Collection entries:

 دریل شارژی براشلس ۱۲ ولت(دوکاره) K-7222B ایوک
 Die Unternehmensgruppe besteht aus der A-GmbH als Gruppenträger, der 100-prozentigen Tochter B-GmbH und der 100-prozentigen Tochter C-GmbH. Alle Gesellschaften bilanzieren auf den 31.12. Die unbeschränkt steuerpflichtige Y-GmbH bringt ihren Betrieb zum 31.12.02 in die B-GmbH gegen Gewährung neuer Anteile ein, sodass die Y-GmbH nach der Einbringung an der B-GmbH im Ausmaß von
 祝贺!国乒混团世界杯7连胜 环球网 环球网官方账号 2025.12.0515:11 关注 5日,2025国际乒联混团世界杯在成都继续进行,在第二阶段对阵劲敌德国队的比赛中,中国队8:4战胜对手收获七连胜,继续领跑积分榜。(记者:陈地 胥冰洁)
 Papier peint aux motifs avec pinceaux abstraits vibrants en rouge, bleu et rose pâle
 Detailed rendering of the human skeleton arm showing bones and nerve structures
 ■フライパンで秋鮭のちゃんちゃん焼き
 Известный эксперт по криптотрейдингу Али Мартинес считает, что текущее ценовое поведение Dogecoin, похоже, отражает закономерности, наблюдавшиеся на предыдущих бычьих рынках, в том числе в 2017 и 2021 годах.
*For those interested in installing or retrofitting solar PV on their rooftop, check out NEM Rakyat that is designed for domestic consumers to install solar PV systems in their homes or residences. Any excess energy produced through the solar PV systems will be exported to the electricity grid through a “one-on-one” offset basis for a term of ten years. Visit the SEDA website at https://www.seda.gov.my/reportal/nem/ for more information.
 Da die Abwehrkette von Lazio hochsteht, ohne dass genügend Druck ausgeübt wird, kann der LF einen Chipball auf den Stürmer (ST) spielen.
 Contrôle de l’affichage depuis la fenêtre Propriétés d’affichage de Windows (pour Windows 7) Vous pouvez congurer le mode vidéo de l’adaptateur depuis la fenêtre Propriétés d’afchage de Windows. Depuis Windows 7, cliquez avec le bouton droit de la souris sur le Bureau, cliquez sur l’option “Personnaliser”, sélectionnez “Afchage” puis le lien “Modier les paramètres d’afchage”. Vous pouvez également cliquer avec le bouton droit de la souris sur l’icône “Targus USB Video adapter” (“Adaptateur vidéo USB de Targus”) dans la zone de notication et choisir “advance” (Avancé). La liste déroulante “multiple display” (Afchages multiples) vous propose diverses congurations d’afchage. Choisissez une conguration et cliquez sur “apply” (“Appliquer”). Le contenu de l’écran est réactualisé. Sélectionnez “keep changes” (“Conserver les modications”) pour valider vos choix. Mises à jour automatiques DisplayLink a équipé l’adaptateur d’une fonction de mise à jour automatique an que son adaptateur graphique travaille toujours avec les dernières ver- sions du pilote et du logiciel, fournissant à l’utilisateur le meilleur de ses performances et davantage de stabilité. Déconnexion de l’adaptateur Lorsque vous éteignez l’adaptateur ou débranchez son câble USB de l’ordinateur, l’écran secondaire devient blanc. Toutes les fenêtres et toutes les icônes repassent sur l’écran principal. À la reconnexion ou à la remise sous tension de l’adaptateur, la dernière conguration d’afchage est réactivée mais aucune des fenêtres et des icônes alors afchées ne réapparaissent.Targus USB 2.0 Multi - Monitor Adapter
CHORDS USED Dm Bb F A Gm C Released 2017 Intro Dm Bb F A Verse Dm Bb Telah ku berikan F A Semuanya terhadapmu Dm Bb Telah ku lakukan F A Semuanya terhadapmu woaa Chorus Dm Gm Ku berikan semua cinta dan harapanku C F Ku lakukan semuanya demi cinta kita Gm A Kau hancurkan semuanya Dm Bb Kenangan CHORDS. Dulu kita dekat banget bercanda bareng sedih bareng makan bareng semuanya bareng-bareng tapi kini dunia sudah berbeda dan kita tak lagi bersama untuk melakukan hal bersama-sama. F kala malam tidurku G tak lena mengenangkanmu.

### TASK TO COMPLETE
The records above need to be duplicated. Keep every word unchanged.

### ANSWER BOX
 دریل شارژی براشلس ۱۲ ولت(دوکاره) K-7222B ایوک
 Die Unternehmensgruppe besteht aus der A-GmbH als Gruppenträger, der 100-prozentigen Tochter B-GmbH und der 100-prozentigen Tochter C-GmbH. Alle Gesellschaften bilanzieren auf den 31.12. Die unbeschränkt steuerpflichtige Y-GmbH bringt ihren Betrieb zum 31.12.02 in die B-GmbH gegen Gewährung neuer Anteile ein, sodass die Y-GmbH nach der Einbringung an der B-GmbH im Ausmaß von
 祝贺!国乒混团世界杯7连胜 环球网 环球网官方账号 2025.12.0515:11 关注 5日,2025国际乒联混团世界杯在成都继续进行,在第二阶段对阵劲敌德国队的比赛中,中国队8:4战胜对手收获七连胜,继续领跑积分榜。(记者:陈地 胥冰洁)
 Papier peint aux motifs avec pinceaux abstraits vibrants en rouge, bleu et rose pâle
 Detailed rendering of the human skeleton arm showing bones and nerve structures
 ■フライパンで秋鮭のちゃんちゃん焼き
 Известный эксперт по криптотрейдингу Али Мартинес считает, что текущее ценовое поведение Dogecoin, похоже, отражает закономерности, наблюдавшиеся на предыдущих бычьих рынках, в том числе в 2017 и 2021 годах.
*For those interested in installing or retrofitting solar PV on their rooftop, check out NEM Rakyat that is designed for domestic consumers to install solar PV systems in their homes or residences. Any excess energy produced through the solar PV systems will be exported to the electricity grid through a “one-on-one” offset basis for a term of ten years. Visit the SEDA website at https://www.seda.gov.my/reportal/nem/ for more information.
 Da die Abwehrkette von Lazio hochsteht, ohne dass genügend Druck ausgeübt wird, kann der LF einen Chipball auf den Stürmer (ST) spielen.
 Contrôle de l’affichage depuis la fenêtre Propriétés d’affichage de Windows (pour Windows 7) Vous pouvez congurer le mode vidéo de l’adaptateur depuis la fenêtre Propriétés d’afchage de Windows. Depuis Windows 7, cliquez avec le bouton droit de la souris sur le Bureau, cliquez sur l’option “Personnaliser”, sélectionnez “Afchage” puis le lien “Modier les paramètres d’afchage”. Vous pouvez également cliquer avec le bouton droit de la souris sur l’icône “Targus USB Video adapter” (“Adaptateur vidéo USB de Targus”) dans la zone de notication et choisir “advance” (Avancé). La liste déroulante “multiple display” (Afchages multiples) vous propose diverses congurations d’afchage. Choisissez une conguration et cliquez sur “apply” (“Appliquer”). Le contenu de l’écran est réactualisé. Sélectionnez “keep changes” (“Conserver les modications”) pour valider vos choix. Mises à jour automatiques DisplayLink a équipé l’adaptateur d’une fonction de mise à jour automatique an que son adaptateur graphique travaille toujours avec les dernières ver- sions du pilote et du logiciel, fournissant à l’utilisateur le meilleur de ses performances et davantage de stabilité. Déconnexion de l’adaptateur Lorsque vous éteignez l’adaptateur ou débranchez son câble USB de l’ordinateur, l’écran secondaire devient blanc. Toutes les fenêtres et toutes les icônes repassent sur l’écran principal. À la reconnexion ou à la remise sous tension de l’adaptateur, la dernière conguration d’afchage est réactivée mais aucune des fenêtres et des icônes alors afchées ne réapparaissent.Targus USB 2.0 Multi - Monitor Adapter
CHORDS USED Dm Bb F A Gm C Released 2017 Intro Dm Bb F A Verse Dm Bb Telah ku berikan F A Semuanya terhadapmu Dm Bb Telah ku lakukan F A Semuanya terhadapmu woaa Chorus Dm Gm Ku berikan semua cinta dan harapanku C F Ku lakukan semuanya demi cinta kita Gm A Kau hancurkan semuanya Dm Bb Kenangan CHORDS. Dulu kita dekat banget bercanda bareng sedih bareng makan bareng semuanya bareng-bareng tapi kini dunia sudah berbeda dan kita tak lagi bersama untuk melakukan hal bersama-sama. F kala malam tidurku G tak lena mengenangkanmu.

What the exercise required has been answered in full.